Colm Kelleher, a marine biologist who spent more than a decade working on the Department of Defense’s Advanced Aerospace Weapon System Applications Program (AAWSAP), has recently lifted the veil on one of the United States’ most extensive and secretive investigations into unidentified aerial phenomena. In a new memoir released this month, Kelleher describes how a multi‑agency task force, headquartered in a discreet facility near Las Vegas, received the largest ever budget allocation for studying UFOs and related anomalous events. “The funding was unprecedented,” he writes, “and it allowed us to bring together physicists, engineers, psychologists and, yes, biologists, to examine reports that had previously been dismissed as fringe.” The book, which blends personal narrative with declassified documentation, offers a rare insider’s view of a program that operated parallel to the more widely known AATIP effort, yet was far more expansive in scope.
The Las Vegas‑based operation, according to Kelleher, was tasked not only with analyzing radar and sensor data from military pilots but also with investigating phenomena that straddled the line between aerospace anomalies and what some would label “paranormal.” Among the most intriguing cases were the recurring reports from the so‑called Skinwalker Ranch in Utah, a property long associated with unexplained lights, animal mutilations and other oddities. Kelleher notes that the team deployed a combination of high‑resolution cameras, lidar mapping and environmental sampling to capture data that could be cross‑referenced with eyewitness accounts. “We were looking for any measurable signature—electromagnetic, acoustic, biological—that could point to a non‑human source,” he explains. While the findings remain classified, the book suggests that the data collected at Skinwalker Ranch was among the most compelling, prompting the program to allocate additional resources for extended monitoring.
Kelleher’s account also sheds light on the internal dynamics that shaped the program’s direction. He describes a tension between traditional defense analysts, who emphasized potential foreign adversary technology, and a subset of scientists who entertained the possibility of non‑human intelligence. This debate influenced the allocation of research teams and the framing of investigative questions. “There were moments when the data forced us to consider hypotheses outside the conventional playbook,” he writes, “but the bureaucratic structure often required us to couch those ideas in more defensible, terrestrial terms.” The memoir recounts several high‑level briefings in which senior officials demanded rigorous statistical analysis, leading the team to develop novel methodologies for assessing low‑probability events without succumbing to confirmation bias.

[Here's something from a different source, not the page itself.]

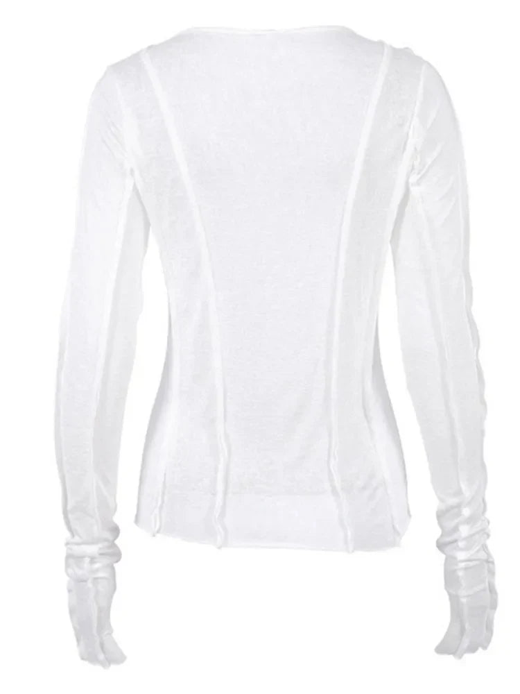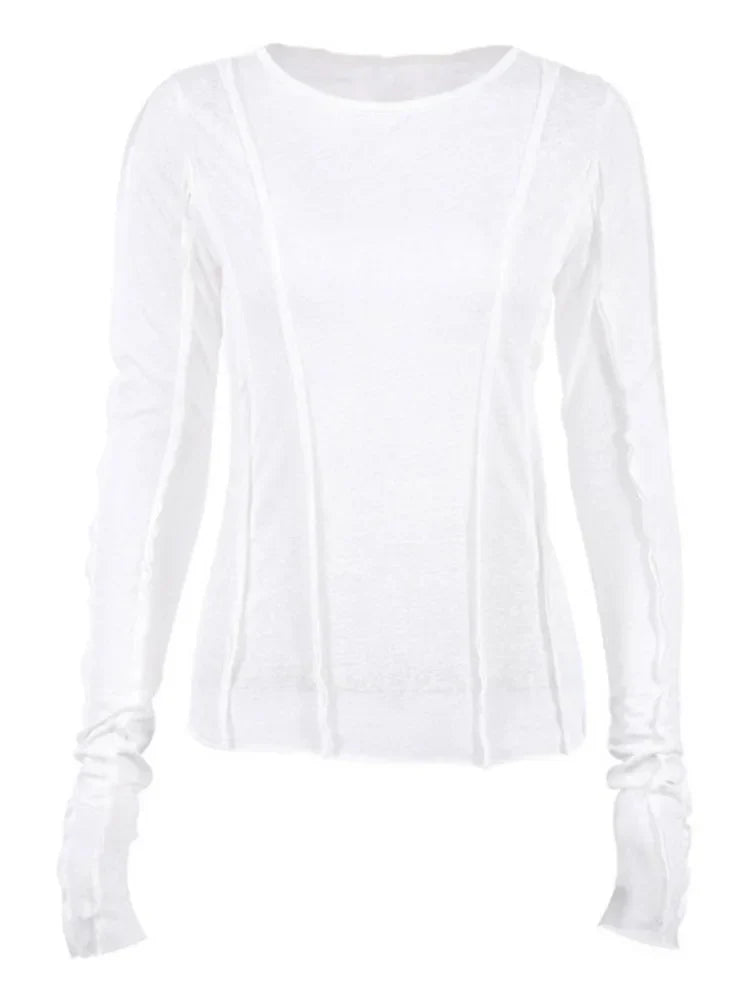 FashionSierra - White O-Neck Yellow Long Sleeve Fall Slim Elastic Solid Crop Tops

The book also contextualizes the Las Vegas effort within a broader historical pattern of government‑sponsored UFO research. From Project Sign in the late 1940s to the recent establishment of the All‑Domain Anomaly Resolution Office (AARO) in 2022, each successive initiative has built upon the data and lessons of its predecessors. Kelleher points out that the AAWSAP program was the first to receive a dedicated, multi‑year budget that explicitly included “paranormal” phenomena, marking a shift from purely defensive concerns to a more open‑ended scientific inquiry. He credits this evolution to mounting pressure from congressional committees, veteran pilots and a growing public demand for transparency.

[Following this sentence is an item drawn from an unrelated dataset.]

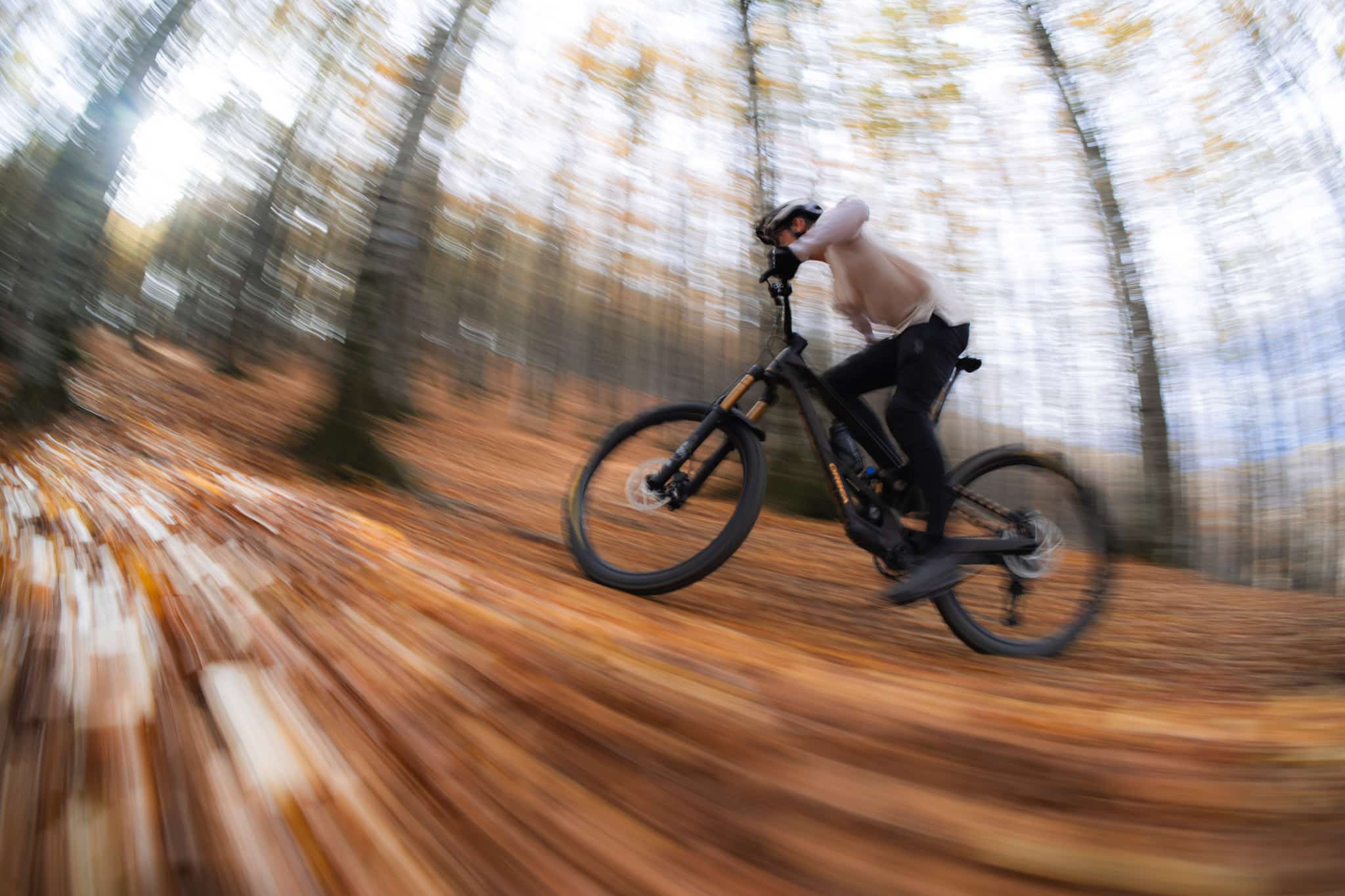 Laten we beginnen met ‘Range’, de meest gebalanceerde modus (hoewel alle modi via de speciale app aanpasbaar zijn). Bij een constant tempo krijg je lichte ondersteuning en voelt het alsof je een fantastische dag hebt, met frisse benen. Wanneer je technische stukken bereikt en meer van de motor vraagt, biedt de ondersteuning echt hulp. Je behoudt nog steeds meer controle over de fiets, die je nooit inhaalt, maar je ook niet meesleurt. Je behoudt een uitstekende grip, zonder uit te glijden. Met deze modus heeft Orbea zijn missie al volbracht: de motor overschrijdt nooit de eisen van de fietser en je ‘werkt’ en zweet zoals gewoonlijk. Je gaat alleen iets sneller en iets gemakkelijker wanneer dat nodig is.

While Kelleher’s revelations provide unprecedented detail, many aspects of the Las Vegas program remain shrouded in classification. The memoir ends with a call for continued declassification and independent peer review, arguing that only through open scientific scrutiny can the true nature of these anomalies be determined. “If there is indeed evidence of non‑human intelligence, it is a matter of profound significance for humanity,” he concludes. As policymakers grapple with the implications of the emerging data, Kelleher’s insider perspective adds a crucial, measured voice to an ongoing debate that bridges national security, scientific curiosity and the public’s enduring fascination with the unknown.